All patients underwent detailed noninvasive (12-lead ECG at rest and two-dimensional transthoracic echocardiography) and invasive investigations (including right/left ventriculography and coronary angiography). Upon transthoracic echocardiography, left ventricular end-diastolic and end-systolic diameters were measured in the parasternal long axis view and indexed to the body surface area. In addition, fractional shortening was used to evaluate left ventricular function. All aforementioned parameters were calculated without knowledge of the PET results according to published recommendations [5], and were normal in all patients (Table 1) with no evidence of valvular stenoses or higher degree of valvular regurgitation. Patients and controls alike were in sinus rhythm. Thyroid disease, diabetes mellitus and familial hypercholesterolaemia were excluded prior to the PET scan. The clinical characteristics of the patients are summarized in Table 1.
Control group
The control group comprised 20 healthy age- and sex-matched subjects (46 ± 14 years) without structural heart disease. No control subject had clinical signs or symptoms suggestive of coronary artery disease. In addition, exercise stress tests and two-dimensional transthoracic echocardiography were performed prior to study entry and were normal in all subjects.
All patients and control subjects gave written informed consent to the study protocol approved by the local ethics committee of the Medical Faculty of the University of Münster, Germany.

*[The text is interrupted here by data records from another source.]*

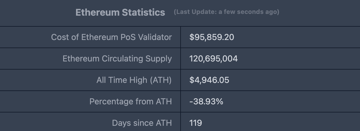 ETHUSD :现价$2,994.09,历史最高价$4,878.26,距最高价跌幅约38.93%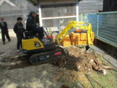 終了後、園庭の端に残っていた切り株もとっていただきました。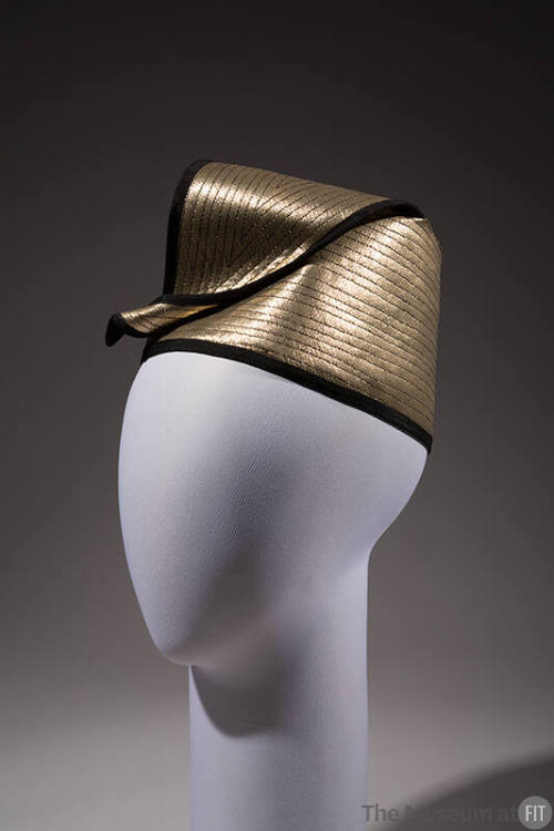 DescriptionGold lamé fez with black topstitching and grosgrain trim, flat crown extends to pointed LF tabCollections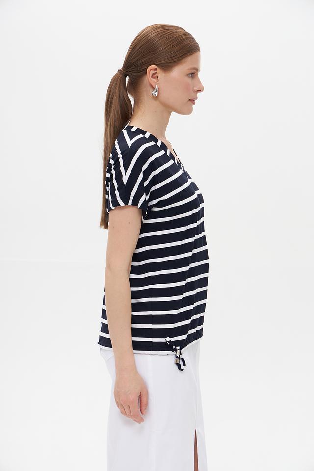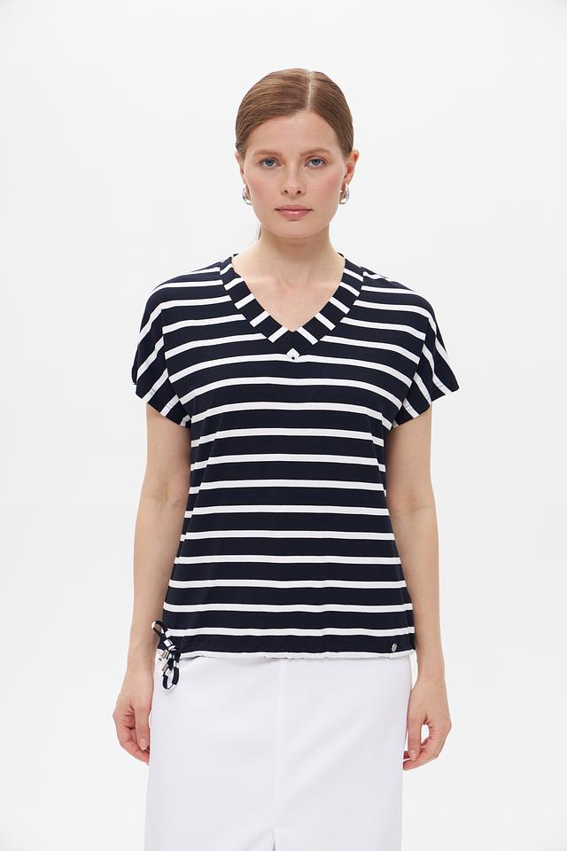 Футболка имеет свободный крой, не сковывающий движений, и подчеркивает женственность силуэта. Боковые сборки на талии с тонкими завязками позволяют регулировать посадку по фигуре и создавать более акцентированный образ.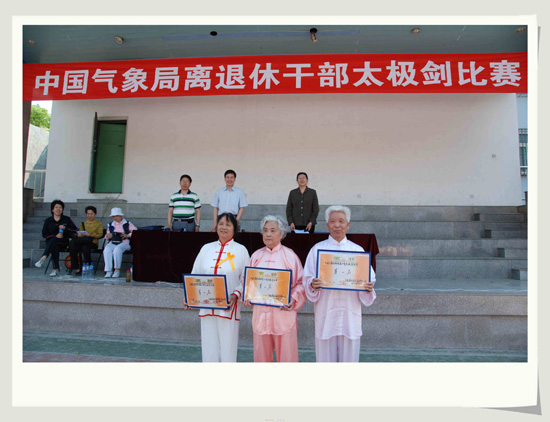 6月6日,中国气象局离退休干部太极剑比赛在局大操场举行。伴随着优美的音乐,气科院退休干部太极剑队动作整齐连贯、和顺协调,虚实分明,刚柔相济,加上轻灵沉着的太极神韵,不时迎来观众的阵阵掌声,受到裁判组的一致好评,荣获中国气象局退休干部太极剑比赛第一名,蝉联中国气象局退休干部太极剑比赛冠军。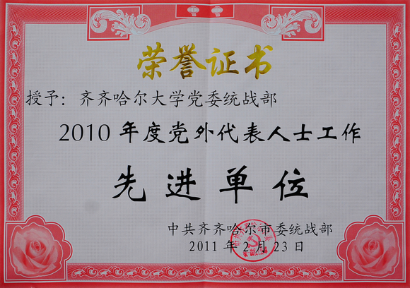 2月24日下午,2011年全市统战部长会议在市党政机关办公中心召开。会议传达了全国、全省统战部长会议精神,表彰了2010年度统战工作先进单位和先进个人。我校党委统战部被市委统战部授予“2010年度党外代表人士工作先进单位”荣誉称号。这是继2010年我校九三学社齐大支社被评为“省级先进基层组织”、校侨联被授予市“侨联工作先进集体”、《黑龙江统一战线》、《中国统一战线》大篇幅报道我校统战工作之后,我校统战工作取得的又一新荣誉。

Noninvasive measurement of myocardial perfusion in vivo
PET scans were performed after fasting for at least 12 h, particularly in relation to caffeine-containing beverages, chocolate and smoking to avoid interference with adenosine, according to a previously published protocol [6]. In brief, myocardial blood flow (MBF) was assessed after intravenous bolus injection of 500 MBq H 152 O over 20 s while performing a 26-frame dynamic PET scan (ECAT-921; Siemens/CTI, Knoxville, TN) over 5 min. The emission data were reconstructed (Hanning filter, FWHM 7.3 mm, zoom factor 2.3, 47 planes, matrix size 128 × 128). Factor images were generated from the dynamic H 152 O scans and resliced into short-axis images perpendicular to the long axis of the left ventricle. This transformation matrix was also used to reslice the dynamic water images. Regions of interest (whole left ventricular myocardium and four-wall analysis) were placed manually on the short-axis planes of the factor images encompassing myocardial tissue, the left atrial cavity and the right ventricular cavity. Arterial, venous and tissue time–activity curves were fitted to a single-compartment model to quantify regional and global MBF (millilitres per minute per millilitre) and perfusable tissue fraction [7]. To eliminate potential interindividual differences in cardiac workload, MBF at rest was corrected for the rate–pressure product (RPP; MBFcorrected = MBF/RPP × 10,000 [8]). Coronary flow reserve was calculated as the ratio of hyperaemic MBF and the RPP-corrected baseline MBF. Coronary vascular resistance (CVR) was calculated by dividing mean arterial pressure by the respective MBF in different settings (at baseline and under adenosine stress).
Statistical analysis
Data are expressed as means ± standard deviation. Student's t-tests were used for comparison of continuous variables. The two-sided Spearman’s correlation coefficient was calculated to investigate associations between possible confounders and observed outcome data (SPSS, version 16.0 for Windows; SPSS, Chicago, IL). A p-value <0.05 was considered significant.
Results
Resting MBF corrected for the RPP was comparable between patients with ARVC and controls (p = 0.42) and not correlated with left ventricular diameter (p = 0.197). However, the response of MBF to adenosine was severely blunted in patients with ARVC when compared to controls (p = 0.005; Fig. 1) and associated with a lower hyperaemic coronary flow reserve (p = 0.030; Fig. 2). Consequently, a significantly increased CVR under hyperaemic conditions was found in patients with ARVC compared to controls (p = 0.007; Fig. 3), while baseline CVR was unchanged (p = 0.66). In addition, both groups had similar regional myocardial perfusion patterns at rest and under adenosine stress (data not shown). Importantly, the tissue fraction calculated from the dynamic H 152 O PET scans, being a measure of perfusable myocardial tissue in a region-of-interest, was similar between patients with ARVC and controls at baseline (0.65 ± 0.08 g/ml in patients vs. 0.64 ± 0.07 g/ml in controls; p = 0.74), excluding significant myocardial fibrosis in patients with ARVC potentially influencing the quantification of MBF.
Discussion
In the present study investigating microvascular function in well-characterized patients with nonfailing ARVC, we demonstrated for the first time a significantly blunted MBF response to adenosine, which resulted in a decrease in coronary flow reserve of approximately 50% compared to control subjects.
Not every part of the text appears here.